Ad esempio Jacopo Ortis, protagonista de “Le ultime lettere di Jacopo Ortis”, sacrificherà la
propria esistenza per inseguire questi ideali patriottici, patendo sofferenze e dolori che lo
porteranno alla distruzione delle proprie illusioni e al conseguente suicidio.

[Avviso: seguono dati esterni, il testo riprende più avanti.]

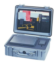
1509 Lid Organizer
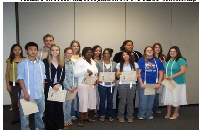
Hibriten seniors present at the breakfast
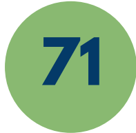
Total Number of Assessors
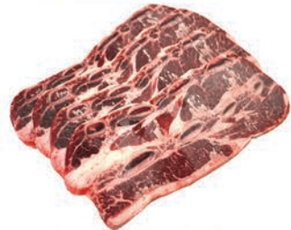
8mm Short Rib
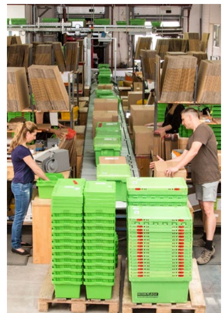
The green memo boxes are the centrepiece of the shipping system.

Benché Jacopo Ortis rispecchi fortemente la personalità di Foscolo, il poeta rinnega il valore
del suicidio (se non come topos letterario): è vero infatti che questi ideali sono solo illusioni
momentanee (l’amore prima o poi finisce; la bellezza sfiorisce; gli ideali politici non si
realizzano...) ma il poeta vi si aggrappa lo stesso con passione perché senza di essi, afferma,
“io non sentirei la vita che nel dolore, o (che mi spaventa ancor di più) nella rigida e noiosa
indolenza”. Pertanto, la Ragione considera questi ideali niente altro che delle “illusioni”,
ma il cuore le accetta con un “atto di fede”: nasce così la “religione delle illusioni”, che è
accettazione tragica del nostro destino di morte e sfida eroica ad esso. Ed è proprio questo
contrasto che caratterizzerà l’irrequietezza del poeta, in una continua lotta tra illusioni e
disinganni, e questo dissidio interiore sarà la caratteristica dominante delle sue opere. Infatti
per Foscolo la poesia è espressione di umanità e civiltà, perché fa vivere questi ideali nel
mondo, li sottrae al nulla della morte, eternando nei secoli gli spiriti di eroi e poeti che li
hanno fermati (ne “Le Grazie” attribuirà alla poesia il compito di svolgere un’alta missione
civile). E questa funzione della eternatrice della poesia era tipica della tradizione classica:
ed infatti Foscolo risente fortemente della corrente neoclassicista; le sue opere sono
intrinseche di riferimenti ad eventi mitologici ed il lessico è ricercato e solenne, ricco di
latinismi e grecismi. Ma la grandezza di questo poeta sta nel suo modo di elevare la poesia
neoclassica: la sua mitologia è viva e palpitante, moderna, non antica, poichè in essa
riconosceva dei legami fortissimi con la sua tormentata coscienza: è questo l’esempio di “A
Zacinto” in cui egli, proprio come Ulisse, soffre per la lontananza dalla sua patria. Ma al
contrario dell’eroe geco egli non vedrà mai la sua “Itaca”: infatti morirà a Londra nel 1827,
lontano dalla sua tanto amata Zacinto.